ECFCs are a type of self-renewing endothelial cell with properties that support forming new blood vessels from existing ones, a process called angiogenesis. This can help repair vascular damage, or damage affecting the blood vessels.

Their impairment leads to deficits in blood vessel repair that have been previously linked to vascular diseases, but the properties of ECFCs in patients with AAV have not been well explored.

Researchers isolated ECFCs from the blood of GPA patients at the State University of Campinas, Brazil and examined their properties in cell cultures. Cells from healthy volunteers were also collected and used as control samples.

Patients were either newly diagnosed and not yet treated or in remission and undergoing follow-up without immunosuppressive treatments for at least two years. All were positive for antibodies against proteinase 3 (PR3), the type of ANCA usually associated with GPA.

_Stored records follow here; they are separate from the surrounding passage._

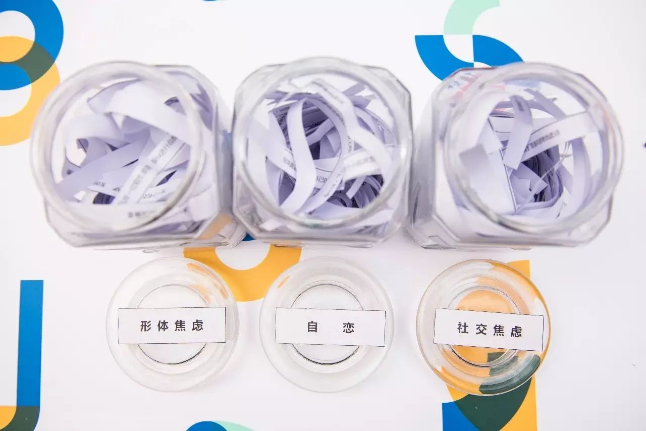 前来挑战的小伙伴可以从装有“社交焦虑”、“形体焦虑”、“自恋”的3个主题罐子里,看自己哪方面“病得最重”,就从中随手抽取一张挑战纸条,如果在现场成功按照纸条上所写的指示完成挑战,即可获得拍立得美照1张或KY限定手机壳1个!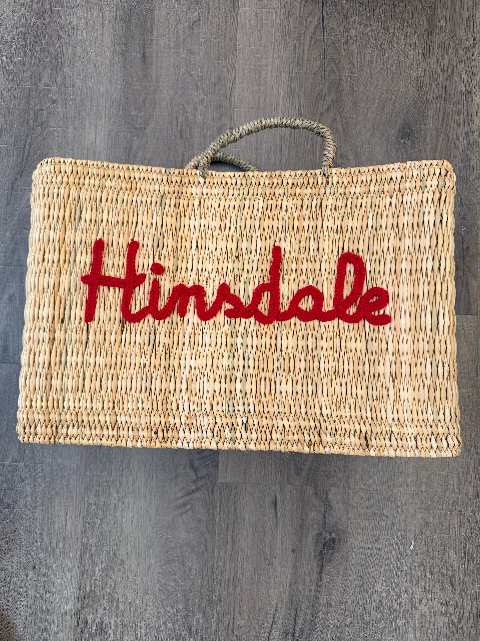 Introducing our Embroidered "Hinsdale" Rattan Bag, a beautifully handcrafted accessory that combines timeless craftsmanship with modern personalization. Made from high-quality rattan fibers, this lightweight and durable bag features custom embroidery of "Hinsdale" in either red or white, making it a unique statement piece. Perfect for any occasion, its neutral tones and natural texture effortlessly complement both casual and semi-formal outfits.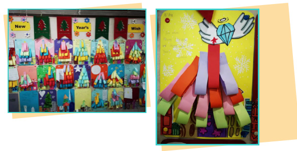 再來看看二年級的乖娃娃們做的漂亮的英文賀卡。有的說:“希望我明年成績更優秀”;也有的說:“祝愿大家新的一年里身體更健康”;還有的說:“希望圣誕老人能送我一只可愛的寵物狗狗”……字里行間寄托的是對新年的美好祝愿。

Samples from eight patients — five with disease activity and three in remission — as well as eight healthy controls were successfully cultured and analyzed.

The number of ECFC colonies that grew in cell cultures did not differ between controls, patients with active disease, and remission patients, although a single GPA patient with active disease had a colony count four times higher than that observed in the other samples.

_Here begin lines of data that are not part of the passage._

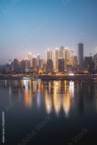 Fototapeta premium Stunning Night Cityscape of Chongqing with Vibrant Reflections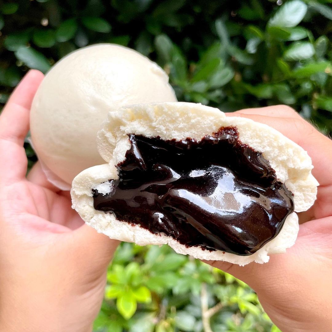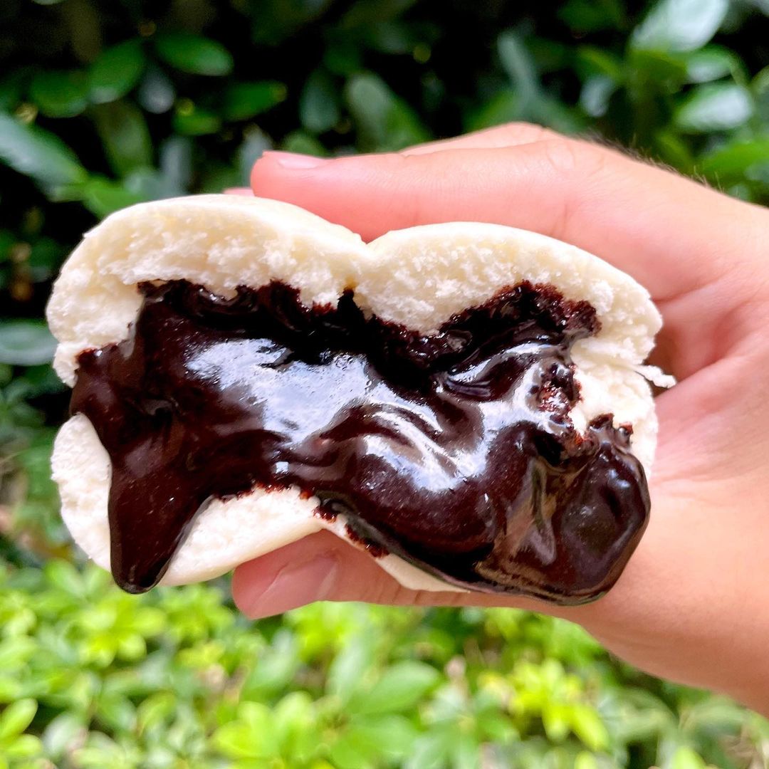 ▼包子的外皮軟中帶Q,巧克力漿內餡微苦不甜膩,趁熱的時候咬下去,濃郁的巧克力漿迫不及待流出來,而且會牽絲,口感豐富,層次感、視覺效果十足!這款熔岩巧克力包不會甜膩,不愛吃甜食的大人也會很愛~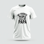 This black t-shirt features a heartwarming and fun graphic for fathers and grandfathers. The text "MY FAVORITE PEOPLE CALL ME PAPA" is printed in a clean, white, and slightly distressed font. This design is a simple and touching way to show paternal pride.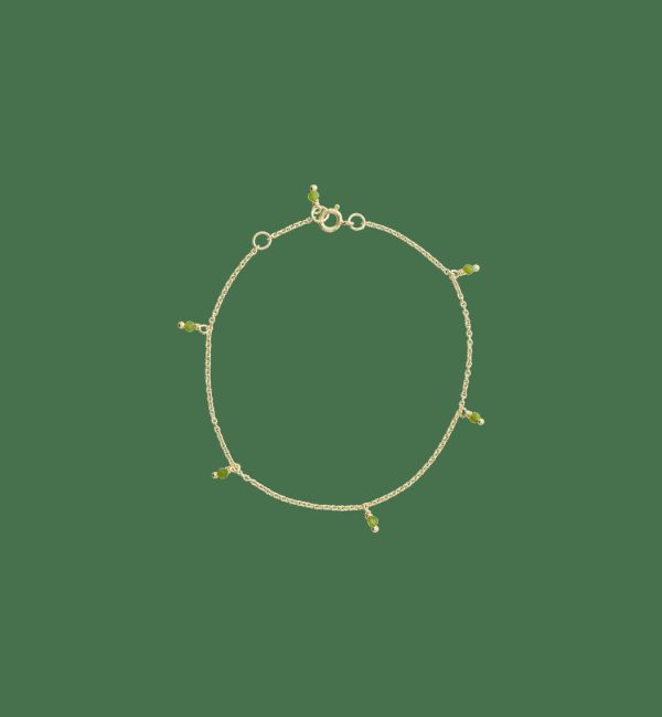 The Nova Sage Bracelet embodies the essence of cosmic beauty. This celestial bracelet is handmade using 100% recycled 14K gold and has Green Tourmaline gemstones hanging from its interlinked chains. Perfect for adding a touch of heavenly charm to any occasion.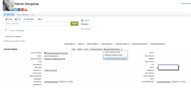 - I created an Account called “Facebook Created Accounts” to be used as the Account on all the new Contacts created through the community.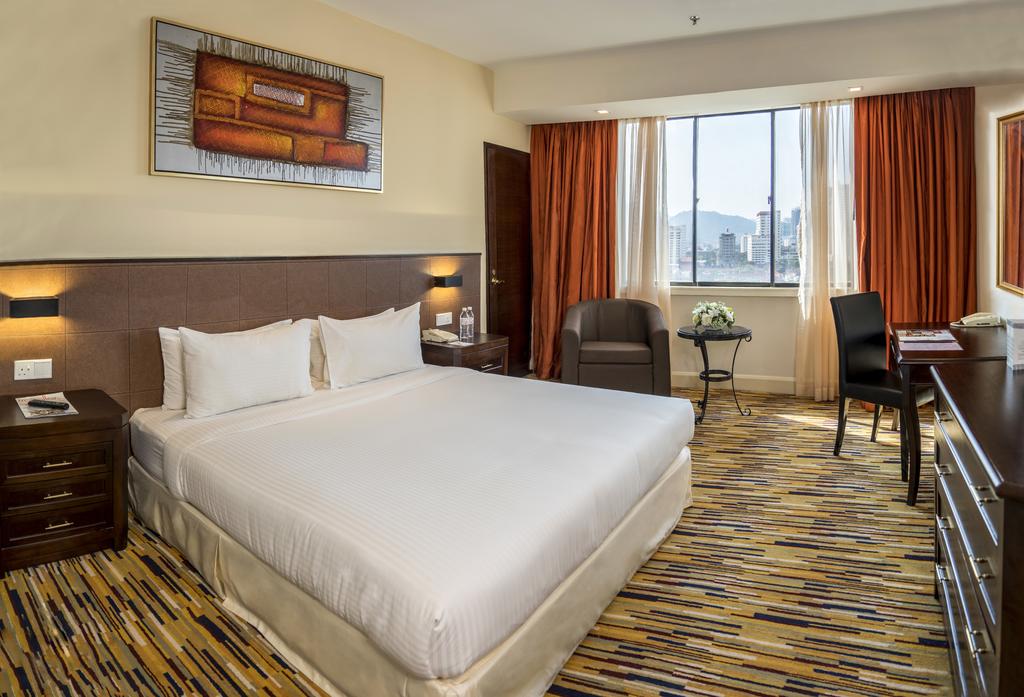 Современный отель Royal Penang расположен в самом сердце Джорджтауна и совмещен с огромным торговым центром Penang Plaza, что дает ему дополнительные преимущества, кроме этого в непосредственной близости от него находятся деловые кварталы и популярные магазины города. Из окон многоэтажного здания отеля открывается отличный вид на исторические улицы Джорджтауна и море. Royal Penang в немалой степени ориентирован на деловых путешественников - для них подготовлены специальные номера. Дорога от отеля до международного аэропорта Пинанга на машине займет 20 минут, а до достопримечательностей города - 5 минут, до пляжей Бату Ферринги - 30 минут.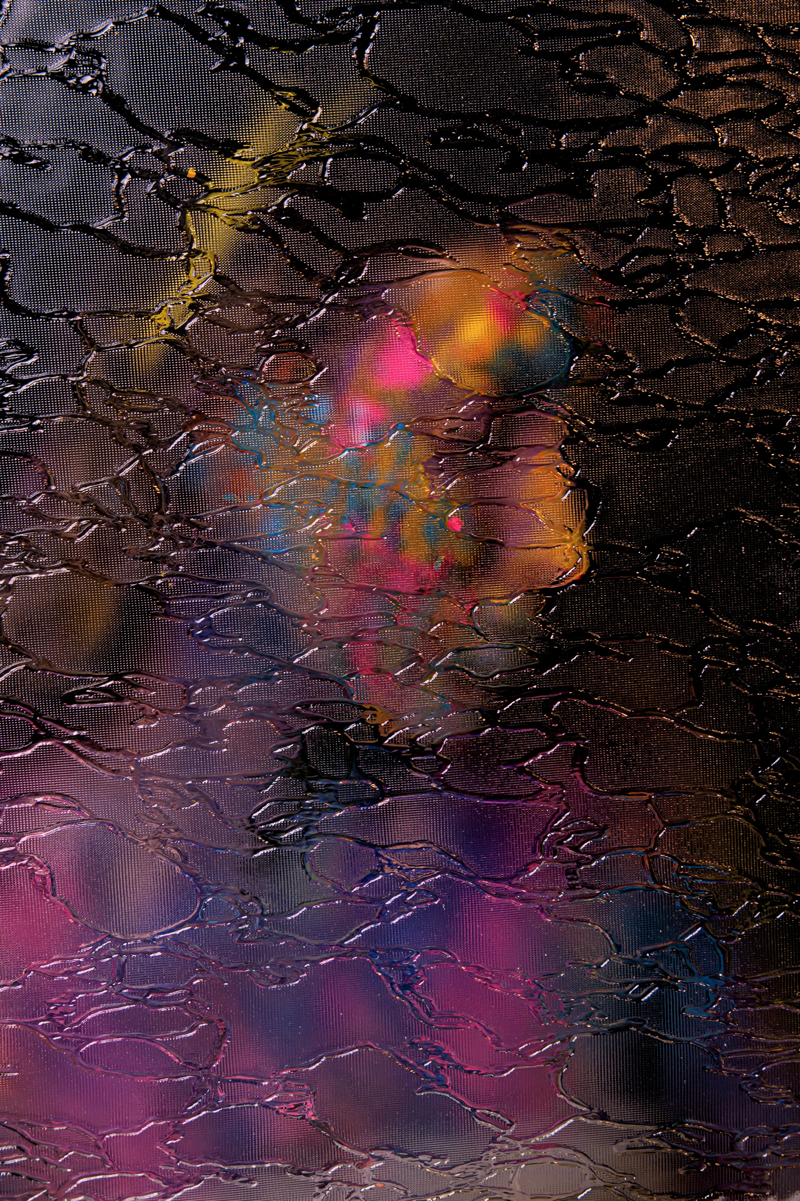 Imaginea are ceva nocturn și urban — poate lumini de oraș filtrate printr-o suprafață crăpată, poate un neon care se dizolvă în ploaie. În același timp, are și ceva cosmic: o nebuloasă prinsă într-o rețea de fisuri, un univers microscopic văzut prin lentila unei emoții.

ECFCs of patients and controls were similar in form and produced genes associated with endothelial cells. While angiogenesis was comparable in general between patients and controls, patients in remission, but not those with active disease, had a decreased capacity for blood vessel formation compared with healthy people, analysis showed.

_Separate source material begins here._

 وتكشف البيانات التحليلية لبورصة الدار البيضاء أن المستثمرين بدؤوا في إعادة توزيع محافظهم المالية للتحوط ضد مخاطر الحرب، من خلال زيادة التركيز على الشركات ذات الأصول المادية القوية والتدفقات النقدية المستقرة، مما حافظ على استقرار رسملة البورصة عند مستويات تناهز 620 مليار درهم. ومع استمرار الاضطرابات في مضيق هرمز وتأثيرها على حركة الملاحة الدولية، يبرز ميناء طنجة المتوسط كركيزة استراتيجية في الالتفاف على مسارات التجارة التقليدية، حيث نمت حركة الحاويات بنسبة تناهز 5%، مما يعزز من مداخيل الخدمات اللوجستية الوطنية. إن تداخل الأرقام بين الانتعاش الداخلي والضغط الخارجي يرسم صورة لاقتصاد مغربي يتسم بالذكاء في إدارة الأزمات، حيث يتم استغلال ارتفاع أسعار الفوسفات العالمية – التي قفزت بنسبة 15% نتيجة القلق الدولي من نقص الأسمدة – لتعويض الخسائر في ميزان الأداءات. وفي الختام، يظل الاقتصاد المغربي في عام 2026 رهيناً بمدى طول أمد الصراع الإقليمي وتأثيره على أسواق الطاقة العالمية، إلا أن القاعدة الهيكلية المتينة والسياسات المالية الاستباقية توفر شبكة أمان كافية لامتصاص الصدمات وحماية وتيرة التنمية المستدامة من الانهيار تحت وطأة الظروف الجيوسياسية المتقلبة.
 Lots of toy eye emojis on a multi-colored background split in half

A migration assay was done to investigate the response of the ECFCs to a stimulus to induce reparative processes. Essentially, each cell culture was gently scratched and monitored for how long it would take for the ECFCs to travel to the site of the scratch and repair it. No significant differences were observed between patient and control cells.

In one patient with active disease, cell cultures of ECFCs were obtained both before treatment and again after remission induction with cyclophosphamide. ECFCs collected after remission showed significantly lower migration capacity compared with cells collected before remission.

To account for the fact that factors present in plasma — the liquid component of blood — can also influence ECFC function, ECFCs were incubated overnight in plasma collected from either patients with active disease or healthy controls, and the migration assay was performed.

ECFCs from patients in remission showed significantly lower migration capacity compared with healthy cells, even after incubation in healthy plasma, again suggesting altered ECFC function among remission patients.

The findings “revealed the possibility of intrinsic endothelial cell changes in patients with GPA, compromising their angiogenic capacity,” the researchers wrote. “Future studies are needed to identify factors that may improve vascular homeostasis in patients with GPA.”